I think empowering SEOs is great! I don’t think giving SEOs a myriad of responsibilities that are best handled by several different SMEs is very empowering though. This is why we have a TechOps team that is 4 engineers strong in a 25 person company. I just fundamentally don’t believe it’s an SEO’s responsibility to learn how to code, to figure out what clustering methods are better and why, or to learn how to deploy at scale and make it accessible. When it is then they get shit done (yay) standing on the shoulders of giants and using unearned knowledge they don’t understand (boo). The rush to get things done the fastest while leveraging others earned knowledge (standing on the shoulders of giants) leaves people behind. And SEOs take no responsibility for that either.
Leaving your Team Behind
A thing that often gets lost in this discussion is that when information gets siloed in particular individuals or teams then the benefit of said knowledge isn’t generally accessible.
Not going to call anyone out here, but before I built out our TechOps structure I did a bunch of “get out of the building” research in talking to others people at other orgs to see what did or did not work about their organizing principles. Basically what I heard fit into either two buckets:
- Specific SEOs learn how to develop advanced cross-disciplinary skills (coding, data analysis etc) and the knowledge and utility of said knowledge aren’t felt by most SEOs and clients.
- The information gets siloed off in a team e.g.

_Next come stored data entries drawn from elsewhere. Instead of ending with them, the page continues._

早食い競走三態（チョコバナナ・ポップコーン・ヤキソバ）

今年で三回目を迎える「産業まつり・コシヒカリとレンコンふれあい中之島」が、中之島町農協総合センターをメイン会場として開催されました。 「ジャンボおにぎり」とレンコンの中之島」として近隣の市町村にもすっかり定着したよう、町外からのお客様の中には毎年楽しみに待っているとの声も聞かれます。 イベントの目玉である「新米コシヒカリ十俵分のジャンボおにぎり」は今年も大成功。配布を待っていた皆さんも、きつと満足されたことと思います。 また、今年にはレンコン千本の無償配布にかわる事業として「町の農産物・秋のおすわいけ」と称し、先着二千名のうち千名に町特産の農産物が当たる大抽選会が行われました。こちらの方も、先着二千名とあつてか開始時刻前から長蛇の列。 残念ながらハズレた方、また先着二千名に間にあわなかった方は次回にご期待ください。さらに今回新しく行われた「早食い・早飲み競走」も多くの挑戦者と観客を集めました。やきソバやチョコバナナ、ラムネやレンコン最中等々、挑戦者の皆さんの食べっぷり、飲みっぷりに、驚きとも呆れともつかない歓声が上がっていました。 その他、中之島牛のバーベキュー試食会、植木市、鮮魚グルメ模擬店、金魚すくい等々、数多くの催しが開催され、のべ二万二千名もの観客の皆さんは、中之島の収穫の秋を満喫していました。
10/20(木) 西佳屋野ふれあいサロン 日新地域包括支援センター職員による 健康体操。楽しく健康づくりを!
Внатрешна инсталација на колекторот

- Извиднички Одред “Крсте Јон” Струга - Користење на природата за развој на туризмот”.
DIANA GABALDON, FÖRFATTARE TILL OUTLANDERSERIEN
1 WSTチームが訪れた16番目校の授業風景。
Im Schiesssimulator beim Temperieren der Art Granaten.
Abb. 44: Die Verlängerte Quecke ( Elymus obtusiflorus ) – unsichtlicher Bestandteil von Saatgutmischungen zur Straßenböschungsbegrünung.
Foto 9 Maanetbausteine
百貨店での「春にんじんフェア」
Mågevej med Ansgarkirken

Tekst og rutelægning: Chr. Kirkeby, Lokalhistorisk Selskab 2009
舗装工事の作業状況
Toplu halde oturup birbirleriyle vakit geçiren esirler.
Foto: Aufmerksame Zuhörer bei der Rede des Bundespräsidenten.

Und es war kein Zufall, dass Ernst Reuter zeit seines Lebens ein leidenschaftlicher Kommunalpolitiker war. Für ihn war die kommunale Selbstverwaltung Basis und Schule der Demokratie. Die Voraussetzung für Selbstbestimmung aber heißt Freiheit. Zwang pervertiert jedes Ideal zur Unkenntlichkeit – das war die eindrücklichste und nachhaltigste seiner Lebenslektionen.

Analytics or Dev/ENG team and then gets sold as an add on which means said knowledge and utility aren’t felt by most SEOs and clients.
That’s it, that’s how we get stuff done in our discipline. I thought this kinda sucked. Without getting too much into it here, we have a structure that is similar to a DevOps model. We have a team that builds tools and processes for the SMEs that execute on SEO, Web Intelligence, Content, and Links to leverage. The goal is specifically to make the knowledge and utility accessible to everyone, and all our clients. This is why I mentioned how KMeans and owned knowledge helped us continue to work towards this goal.
I’m not going to get into Jarvis stats (obviously we measure usage) but suffice to say it is a hard-working bot. That is because a team is only as strong as the weakest link, so rather than burden SEOs with additional responsibility, orgs should focus on earning knowledge in a central place that can best drive positive outcomes for everyone.